Dr(a). DEFENSORIA PÚBLICA DO ESTADO DO RIO DE JANEIRO,
pela parte RECORRENTE: SELMA DA CUNHA
Brasília, 11 de fevereiro de 2020(data do julgamento)
RELATÓRIO
O EXMO. SR. MINISTRO PAULO DE TARSO SANSEVERINO
(Relator):
Trata-se de recurso especial interposto por SELMA DA CUNHA em
face de acórdão do Tribunal de Justiça do Estado do Rio de Janeiro, assim
ementado:
Agravo Interno. Decisão monocrática que negou provimento à apelação
cível. Usucapião Extraordinária. Pretensão de reconhecimento do
domínio sobre o imóvel situado na Rua Professora Amélia Pinto Chagas,
n.º 09, Santa Cruz, nesta cidade, sob o fundamento, em suma, de que
preenche os requisitos legais para tanto. Sentença que julgou extinto o
processo, ante a ausência de interesse de agir. Inconformismo da autora.

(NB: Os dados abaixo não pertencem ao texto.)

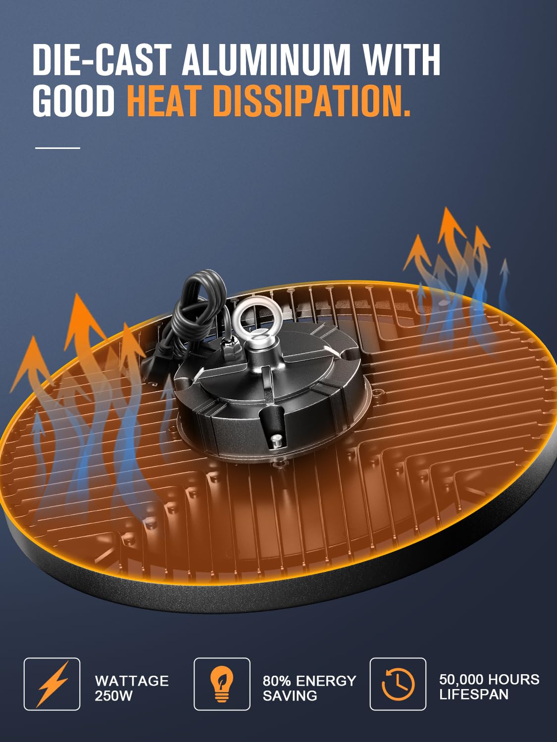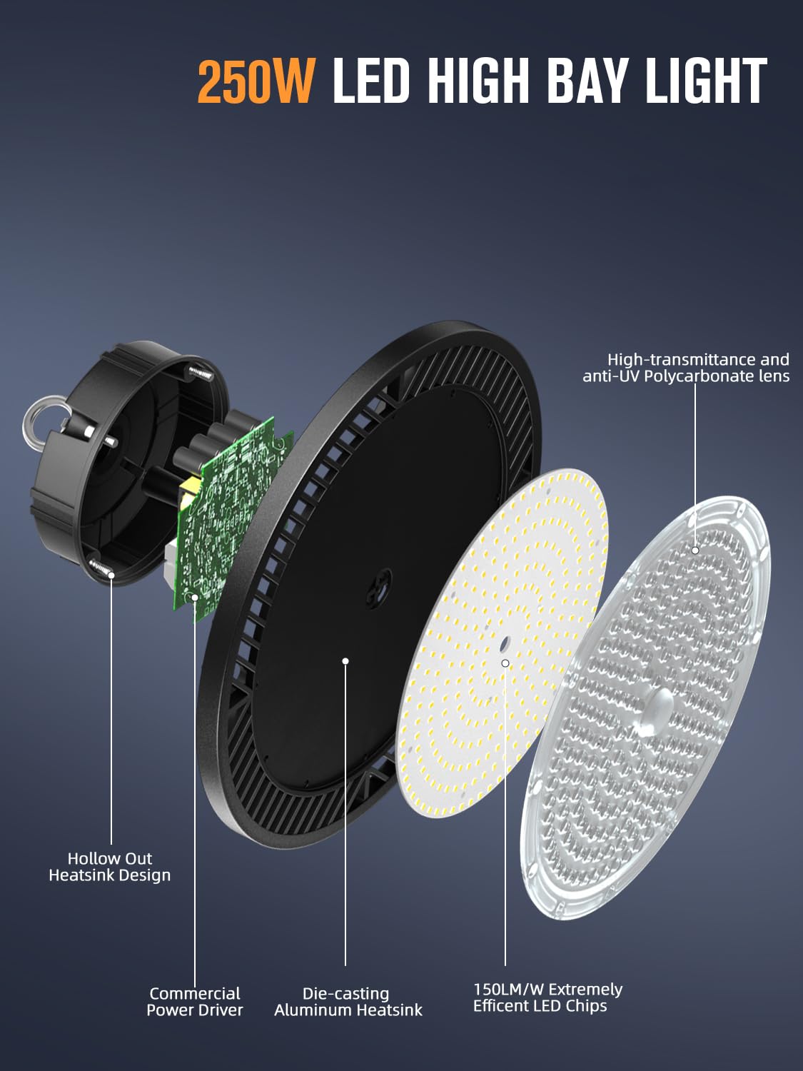 ?250W UFO Led High Bay Light?ELEKICO New Upgrade Led High Bay Light,Luminous efficiency up to 35000lm, With high-quality SMD2835 LED chips and a light efficiency of up to 140LM/W, Turn a dark garage into noon-time sunny with no dark spaces. ?Widely Used in More Scenario?This led high bay light can be used as a replacement for led shop lights.Led High Bay Light is not just suitable for garage, but also for storage area, workbench, basement, home, barn, office, station, attic, equipment rooms, gym, workshop, general lighting, display

De acordo com o artigo 216-A do Código de Processo Civil vigente, é
admitido o pedido de reconhecimento extrajudicial de usucapião, que
será processado diretamente perante o Cartório Imobiliário da Comarca
em que estiver situado o imóvel usucapiendo, a requerimento do
interessado, representado por advogado. Aplicação do Enunciado 108
do Centro de Estudos e Debates do Tribunal de Justiça. A ação de
usucapião é cabível somente quando houver óbice à pretensão na esfera
extrajudicial. Manutenção do decisum que se impõe. Recurso ao qual se
nega provimento. (fl. 176/7)
Em suas razões, alega a parte recorrente violação do art. 216-A da Lei
6.015/1973 (incluído pelo art. 1.071 do CPC/2015), sob o argumento de que o
procedimento extrajudicial de usucapião seria facultativo.

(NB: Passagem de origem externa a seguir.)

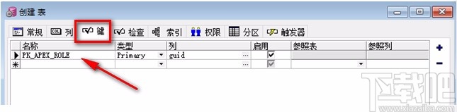 4.然后我们点击窗口顶部的“键”选项,并在其下方设置创建表的主键,这一步非常重要。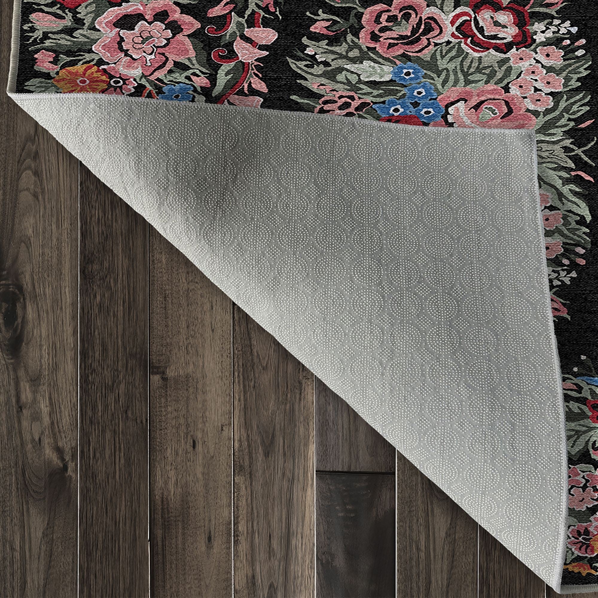 A szőnyeg elegáns fekete színe egy csipetnyi kifinomultságot kölcsönöz az otthoni dekorációnak, könnyedén illeszkedik bármilyen színösszeállításhoz. A pöttyös talp és a csúszásmentes pvc aljzat biztosítja, hogy a szőnyeg a helyén maradjon, biztonságot és stabilitást nyújtva Önnek és családjának.

Contrarrazões dispensadas, em face da não angularização da relação
processual.
O MINISTÉRIO PÚBLICO FEDERAL absteve-se de opinar sobre o mérito recursal, alegando disponibilidade do direito em questão (fls. 218/22).
É o relatório.
VOTO
O EXMO. SR. MINISTRO PAULO DE TARSO SANSEVERINO
(Relator):
O recurso especial merece ser provido.
A controvérsia diz respeito ao interesse processual para ajuizamento
direto de ação de usucapião ante a recente ampliação das possibilidades de
reconhecimento extrajudicial da usucapião.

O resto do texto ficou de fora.